You say the bylaws are silent. In my opinion, and assuming the board is satisfied with the funding of reserves, I suppose the board
could vote to refund excess income. But the board does not have to. The reason the owners do not have this right is because the owners have only the rights expressly reserved to them in the bylaws, covenants and state law. What the owners can control has to be written down in the aforementioned documents. Many people think this is crazy, and it deprives owners of controlling their fate. This is flatly false. Owners control their fate by electing (and if desired, recalling) directors they want. The courts are keenly aware of this. Owners do have much control over their own fate. I am not saying it is perfect. "Perfect" here does not exist, AFAIC.
At your HOA the reason the board has the right to apply the excess income to the following year's budget is because the board sets the budget. You should read your bylaws carefully to learn the details of this. Then search the D-S site for "budget."
I am aware in California that assessment increases over a certain amount require the owners' (en masse) approval. See https://www.davis-stirling.com/HOME/H/HOA-Assessment-Increase-Limitations. This is an example of when the statutes reserve a specific right to the owners.
At your HOA, do the bylaws say the owners have to approve the annual budget? Or do the bylaws maybe say the owners have the right to reject a budget? If so, then once again, this is a specific, express power reserved to the owners. Owners absolutely can and should use this right to rein in a board.
Quote:
Posted By TerriS6 on 07/02/2023 10:27 AM
So they spend it how they wish and don't pay taxes on it.
I hope they spend it within the constraints of the governing documents. Plus, with owners the board should be completing the annual "excess income resolution." If this is not happening, then as needed, ask me what risks the HOA is taking.

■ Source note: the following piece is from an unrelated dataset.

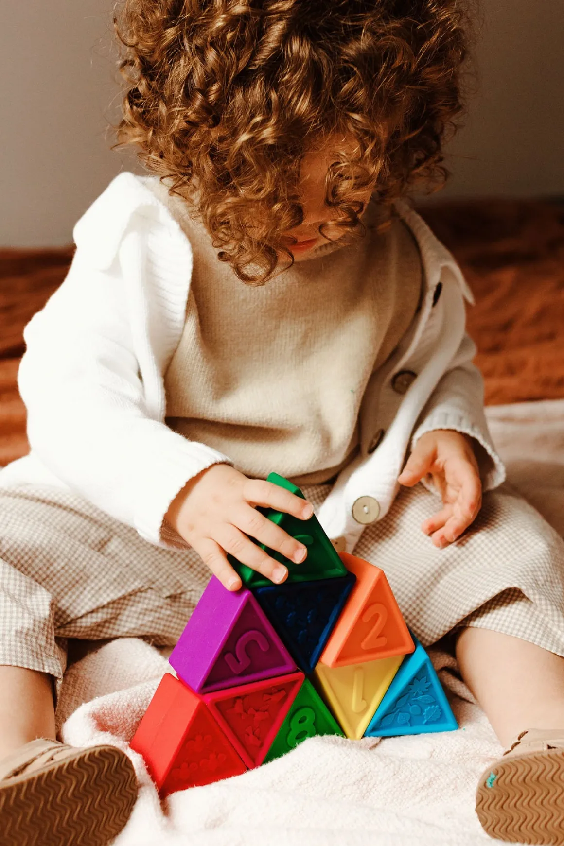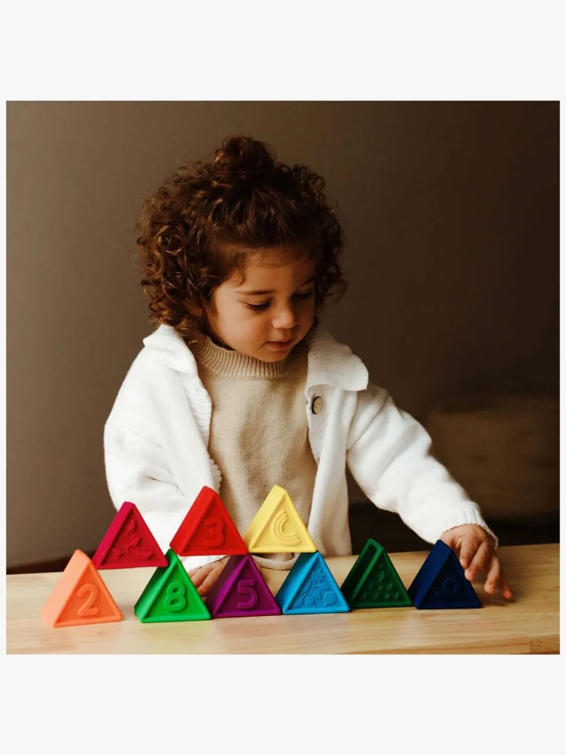 – Perfekt form og vægt for små hænder at udforske, sætte på rad og række, balancere og stable.

The excess income resolution is for legal protection against the IRS. It is not a trivial excercise, IMO. The owners should vote on the resolution. Just be aware that this is
not a vote on whether to say, refund money to owners. The vote is a formality that aids the HOA accountant and protects the HOA, in case the IRS comes a-knocking.
Quote:
Posted By TerriS6 on 07/02/2023 10:27 AM
Davis-Stirling is good but it's always slanted to the board's favor in its explanations.
I disagree. It is slanted towards what the statutes, governing documents and case law say.